PROBLEM TO SOLVE: Every record below should be retyped exactly, and no picture should appear in the copy.

EXTRACTED DATA:
# # # # # # #
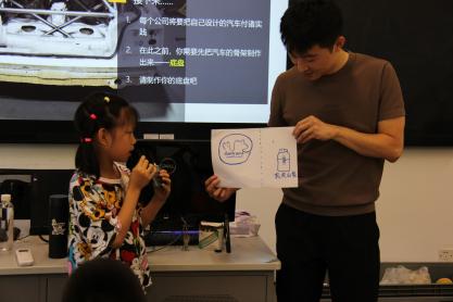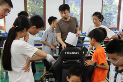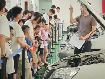 新能源汽车技术专业的学生为小朋友们讲解汽车知识
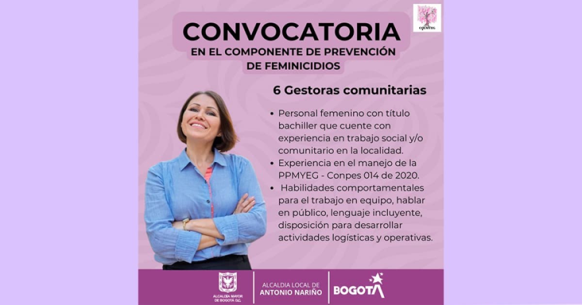 La convocatoria estará abierta hasta el 7 de marzo, solamente debes enviar la hoja de vida actualizada convocatoriamujeresan@gmail.com si cumples los requisitos. De igual forma, puedes llevarla el miércoles 6 de marzo de 9:00 a.m. a 1:00 p.m. en la Alcaldía Local de Antonio Nariño.
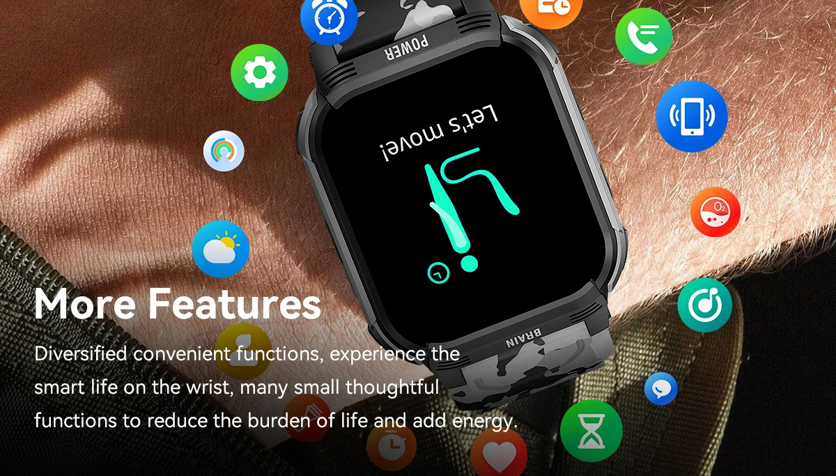 Actualización de firmware, barra de acceso directo (Centro de Control), datos (conteo de pasos, distancia, calorías), sueño, frecuencia cardíaca, oxígeno en sangre, monitoreo del sueño, gire la muñeca e ilumine la pantalla, clima, información, recordatorio (Mensaje, sedentario, despertador, horario), cronómetro, temporizador, Buscar teléfono móvil, buscar pulsera, interruptor de Dial, control de música, configuración (ajuste de brillo, reinicio de llamada, configuración de vibración, recuperación de fábrica, información de versión)
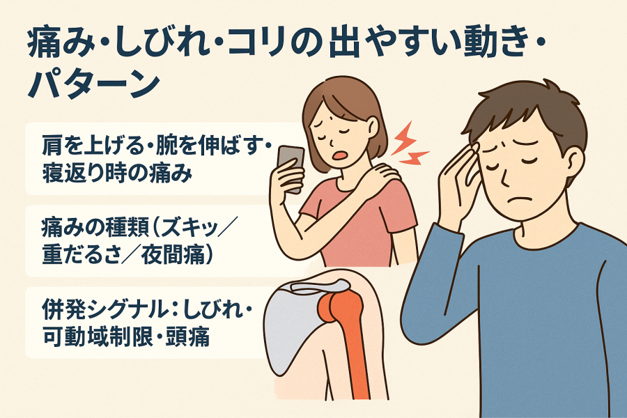 特に注意したいのは、しびれ・可動域の制限・頭痛などが併発している場合です。これは、首の神経が圧迫されていたり、筋肉のこわばりが神経に影響している可能性があるとも考えられています。
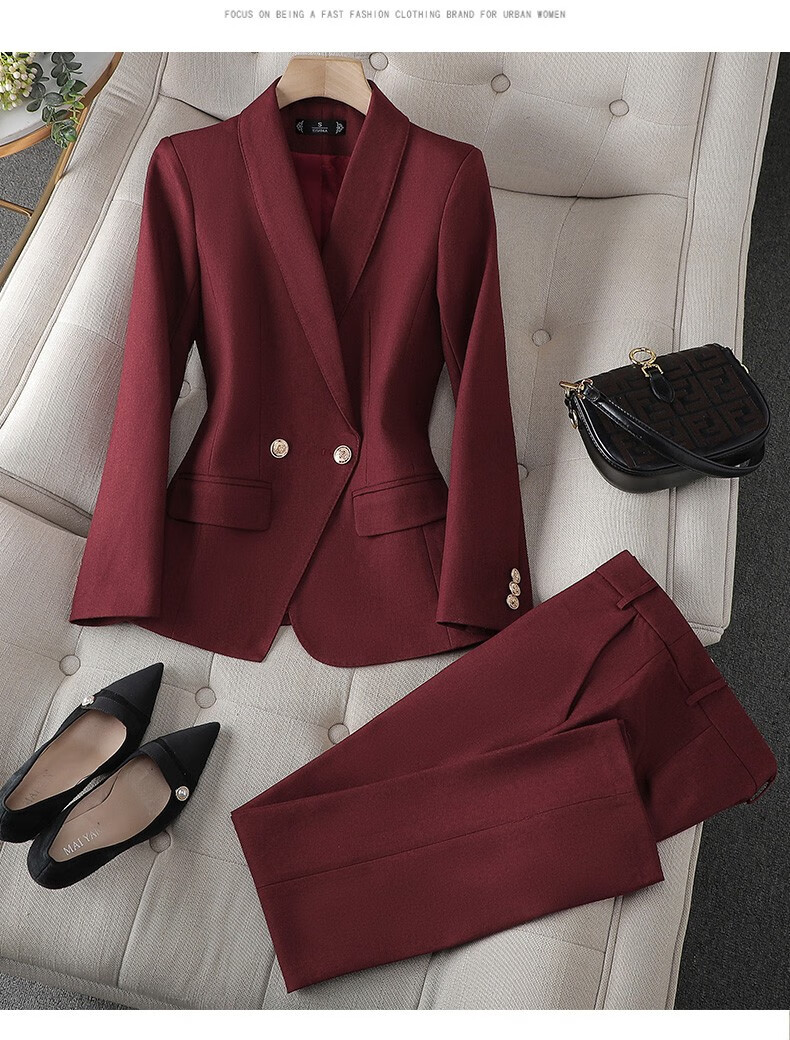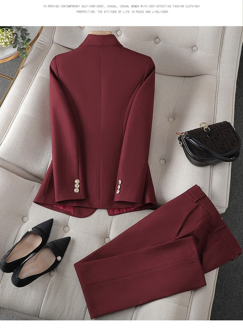 Jian Ting suit jacket women's 2026 spring and autumn new casual suit high-end professional temperament goddess style suit business formal wear maroon (suit + pants) M
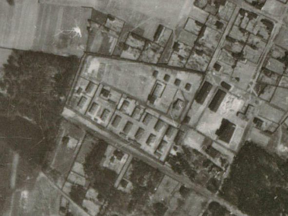 "Stalag Luft II Лодзь «Лицманнштадт» (Lodz «Litzmannstadt»). Аэрофотоснимок лагеря Stalag Luft II, май 1942 года.";
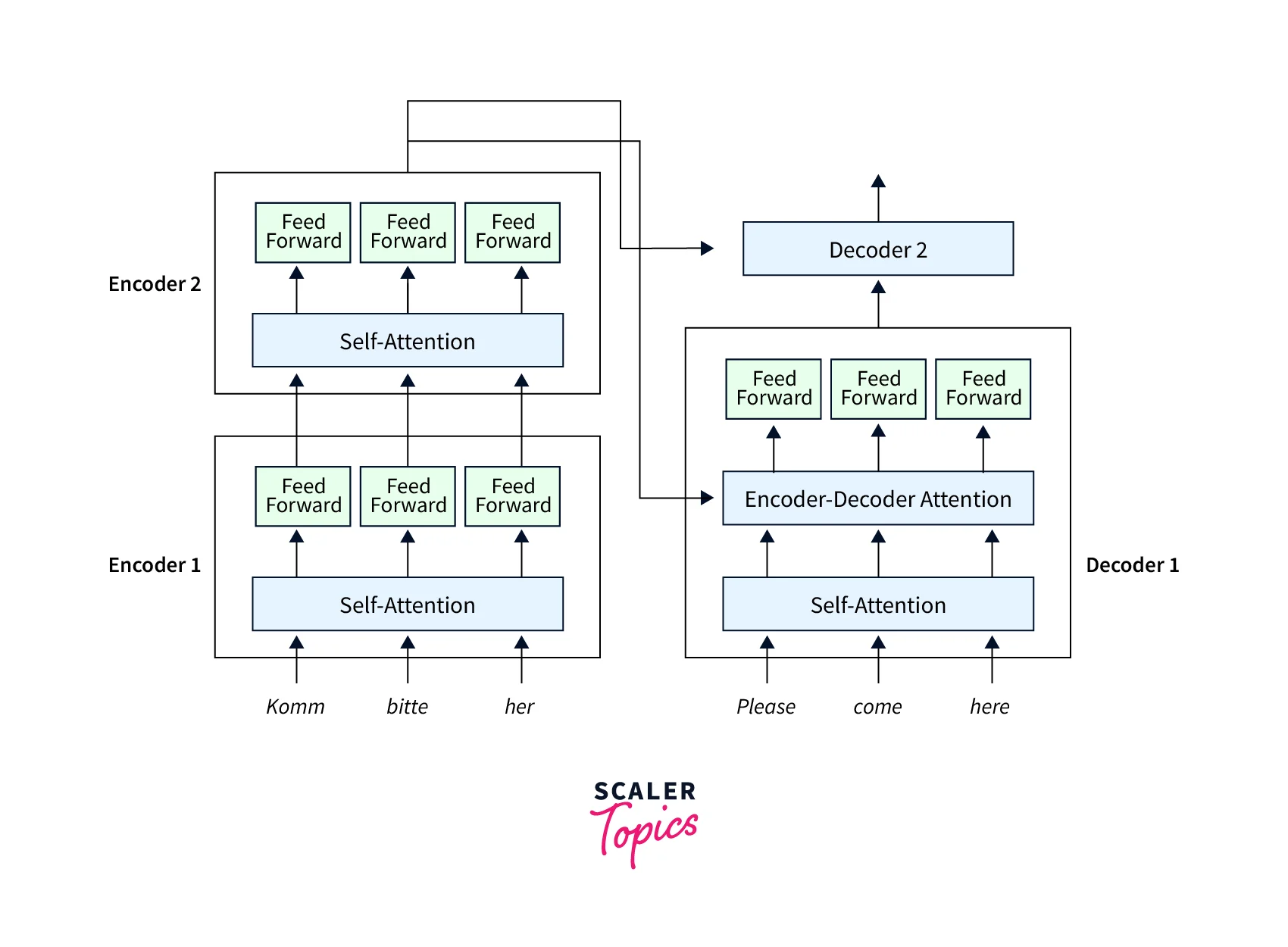 In addition to the self-attention and feedforward layers, the decoders also have one more layer of the Encoder-Decoder Attention layer. This helps the decoder focus on the right parts of the input sequence.
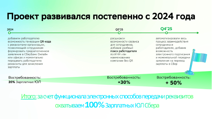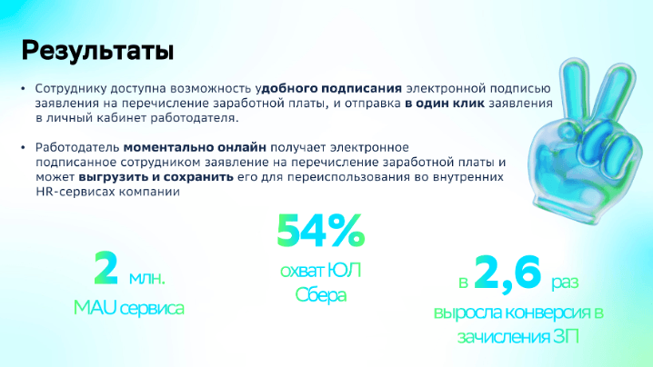 Итогом проекта стал охват 100% ЮЛ сбера, электронными сервисами позволяющими упростить процесс работы с начислением заработной платы сотрудникам, а сотрудники получили инструмент, позволяющий значительно сократить время и путь становления зарплатным клиентом.
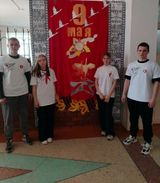 Ребята продумали элементы декорации, чтобы передать атмосферу тех героических лет. Использованы плакаты времен войны, фотографии ветеранов, а также символы Победы – георгиевская лента, красная звезда, вечный огонь. Кадры, запечатленные на фоне фотозоны, стали не просто памятными снимками, но и символом уважения к подвигу советского народа.
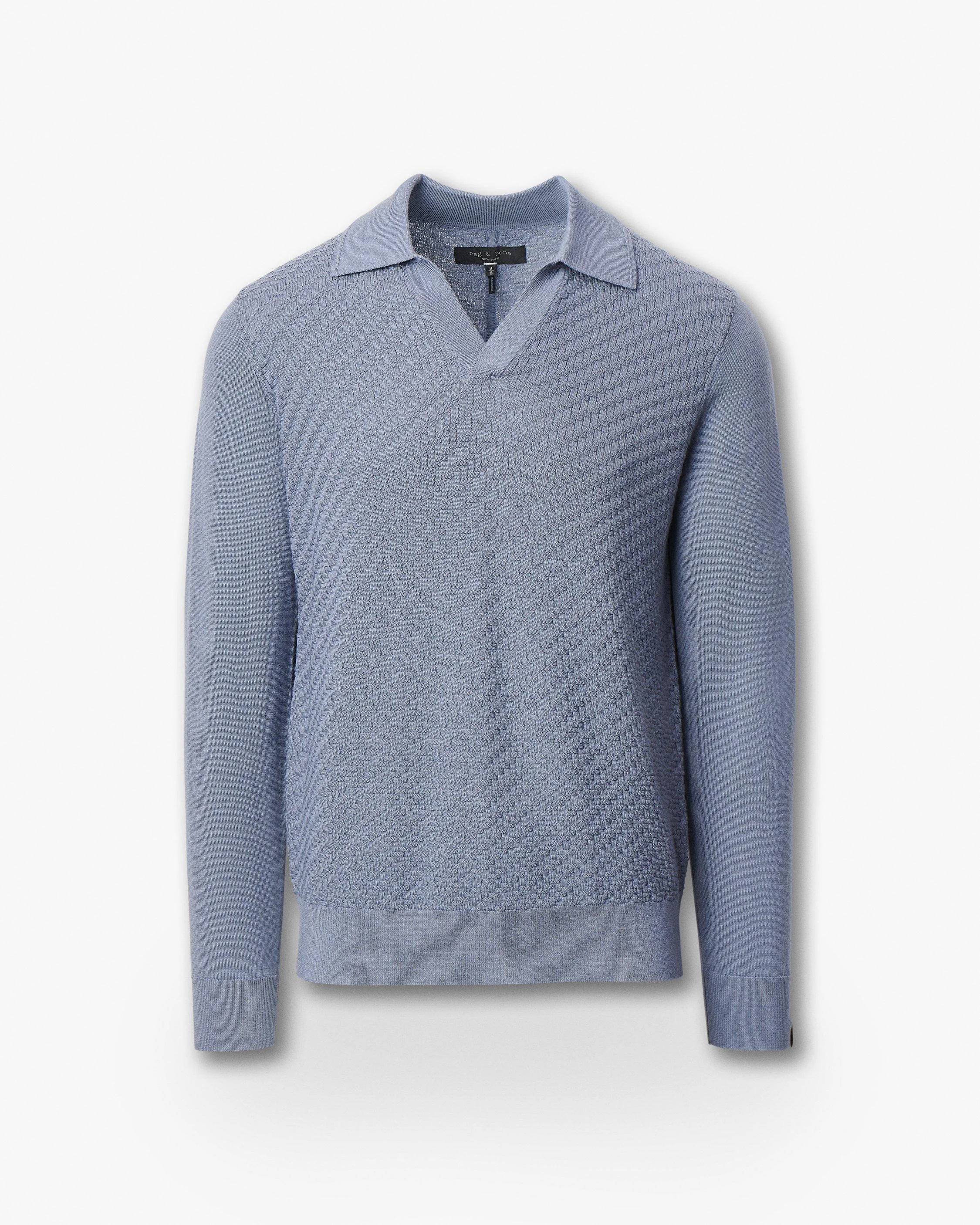 For every season. Knit from pure wool, this lightweight, long-sleeve sweater features our exaggerated take on a herringbone stitch for a unique texture. Complete with a buttonless Johnny collar, it's a polished style for any season. Pair yours with everything from suiting trousers to your favorite denim.
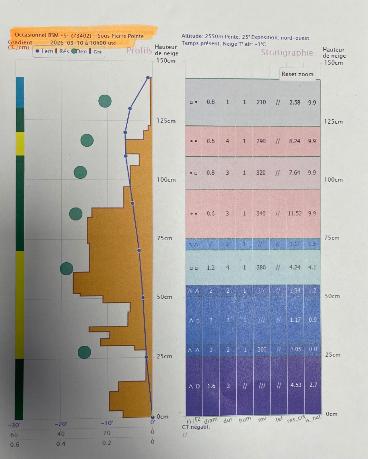 Le site du sondage du jour est une pente Nord-Ouest à 2500 m sous Pierre Pointe. L'enneigement y est un peu moins bon qu'aux alentours (zone ventée), le gobelet de décembre se trouve alors moins enfoui que dans la majorité des autres pentes. Néanmoins, le profil n'est pas alarmant : d'une part les 70 cm qui recouvrent le gobelet sont majoritairement très denses (grains fins), permettant de bien les isoler de la contrainte d'un skieur, d'autre part les gobelets se sont tassés et densifiés, les rendant moins réactifs. Le test de la colonne (CT) illustre bien cette faible réactivité, puisqu’il est négatif. Il reste quand même des points d'attentions :
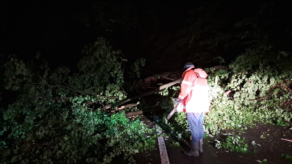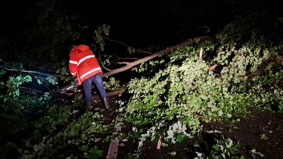 ”Angajații SDN Orșova au patrulat și intervenit, de câte ori a fost nevoie, în ultimele ore pentru îndepărtarea copacilor de pe partea carosabilă, rupți de vântul puternic.
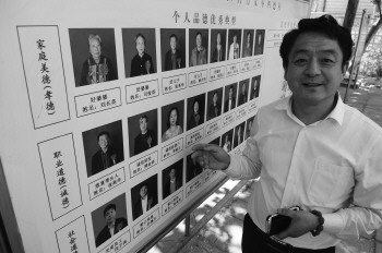 “瞧,这就是俺媳妇。”在淄川区龙泉镇渭二社区居委会,社区居民张元刚指着榜单上“诚德模范李桂兰”的照片自豪地告诉记者。“每天晚上很多居民都在这边上的小广场锻炼,都会跑过来看看四德榜。全村四十几个经营户,只有我媳妇一个人被选上了,心里真是高兴!”
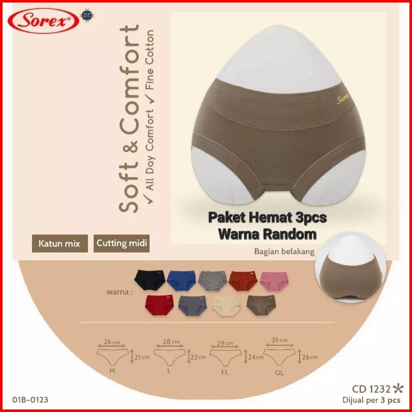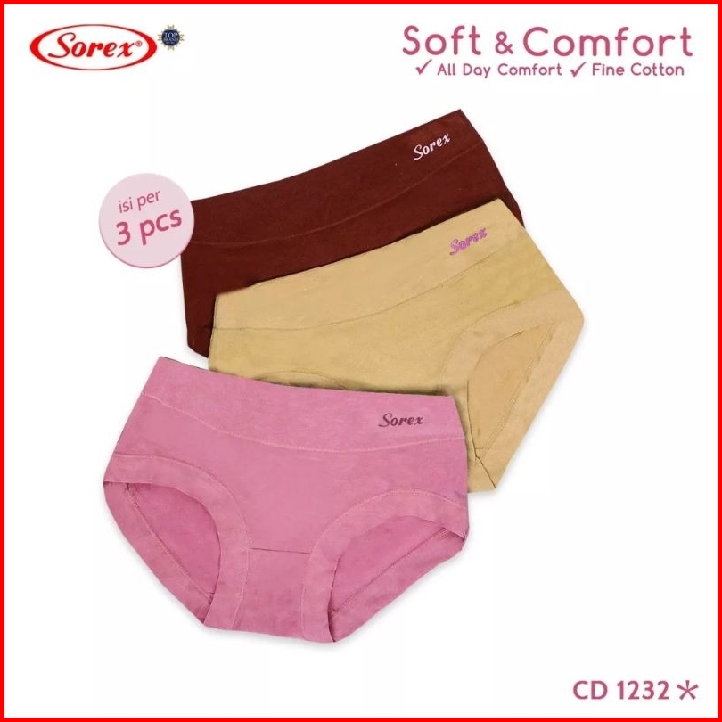 Grosir 3 Pcs Celana Dalam Wanita Sorex 1232 Bahan Katun Original
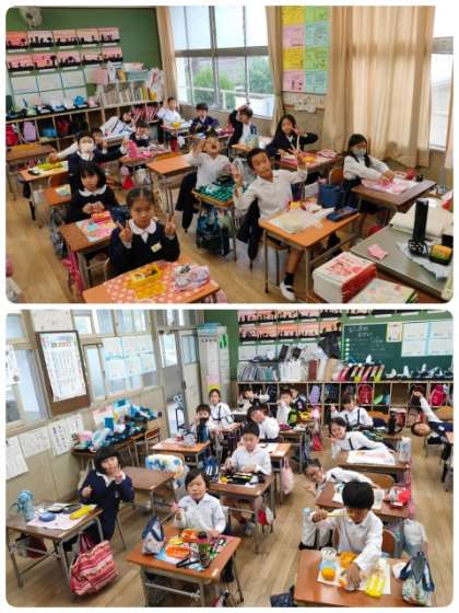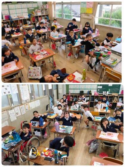 2年生の遠足、本日も雨天のため延期になってしまいました。3回連続で延期になり、児童もがっかりしていましたが、お弁当の時間は、毎回うれしそうに過ごしています。
# # # # # # #
RESPONSE:
 新能源汽车技术专业的学生为小朋友们讲解汽车知识
 La convocatoria estará abierta hasta el 7 de marzo, solamente debes enviar la hoja de vida actualizada convocatoriamujeresan@gmail.com si cumples los requisitos. De igual forma, puedes llevarla el miércoles 6 de marzo de 9:00 a.m. a 1:00 p.m. en la Alcaldía Local de Antonio Nariño.
 Actualización de firmware, barra de acceso directo (Centro de Control), datos (conteo de pasos, distancia, calorías), sueño, frecuencia cardíaca, oxígeno en sangre, monitoreo del sueño, gire la muñeca e ilumine la pantalla, clima, información, recordatorio (Mensaje, sedentario, despertador, horario), cronómetro, temporizador, Buscar teléfono móvil, buscar pulsera, interruptor de Dial, control de música, configuración (ajuste de brillo, reinicio de llamada, configuración de vibración, recuperación de fábrica, información de versión)
 特に注意したいのは、しびれ・可動域の制限・頭痛などが併発している場合です。これは、首の神経が圧迫されていたり、筋肉のこわばりが神経に影響している可能性があるとも考えられています。
 Jian Ting suit jacket women's 2026 spring and autumn new casual suit high-end professional temperament goddess style suit business formal wear maroon (suit + pants) M
 "Stalag Luft II Лодзь «Лицманнштадт» (Lodz «Litzmannstadt»). Аэрофотоснимок лагеря Stalag Luft II, май 1942 года.";
 In addition to the self-attention and feedforward layers, the decoders also have one more layer of the Encoder-Decoder Attention layer. This helps the decoder focus on the right parts of the input sequence.
 Итогом проекта стал охват 100% ЮЛ сбера, электронными сервисами позволяющими упростить процесс работы с начислением заработной платы сотрудникам, а сотрудники получили инструмент, позволяющий значительно сократить время и путь становления зарплатным клиентом.
 Ребята продумали элементы декорации, чтобы передать атмосферу тех героических лет. Использованы плакаты времен войны, фотографии ветеранов, а также символы Победы – георгиевская лента, красная звезда, вечный огонь. Кадры, запечатленные на фоне фотозоны, стали не просто памятными снимками, но и символом уважения к подвигу советского народа.
 For every season. Knit from pure wool, this lightweight, long-sleeve sweater features our exaggerated take on a herringbone stitch for a unique texture. Complete with a buttonless Johnny collar, it's a polished style for any season. Pair yours with everything from suiting trousers to your favorite denim.
 Le site du sondage du jour est une pente Nord-Ouest à 2500 m sous Pierre Pointe. L'enneigement y est un peu moins bon qu'aux alentours (zone ventée), le gobelet de décembre se trouve alors moins enfoui que dans la majorité des autres pentes. Néanmoins, le profil n'est pas alarmant : d'une part les 70 cm qui recouvrent le gobelet sont majoritairement très denses (grains fins), permettant de bien les isoler de la contrainte d'un skieur, d'autre part les gobelets se sont tassés et densifiés, les rendant moins réactifs. Le test de la colonne (CT) illustre bien cette faible réactivité, puisqu’il est négatif. Il reste quand même des points d'attentions :
 ”Angajații SDN Orșova au patrulat și intervenit, de câte ori a fost nevoie, în ultimele ore pentru îndepărtarea copacilor de pe partea carosabilă, rupți de vântul puternic.
 “瞧,这就是俺媳妇。”在淄川区龙泉镇渭二社区居委会,社区居民张元刚指着榜单上“诚德模范李桂兰”的照片自豪地告诉记者。“每天晚上很多居民都在这边上的小广场锻炼,都会跑过来看看四德榜。全村四十几个经营户,只有我媳妇一个人被选上了,心里真是高兴!”
 Grosir 3 Pcs Celana Dalam Wanita Sorex 1232 Bahan Katun Original
 2年生の遠足、本日も雨天のため延期になってしまいました。3回連続で延期になり、児童もがっかりしていましたが、お弁当の時間は、毎回うれしそうに過ごしています。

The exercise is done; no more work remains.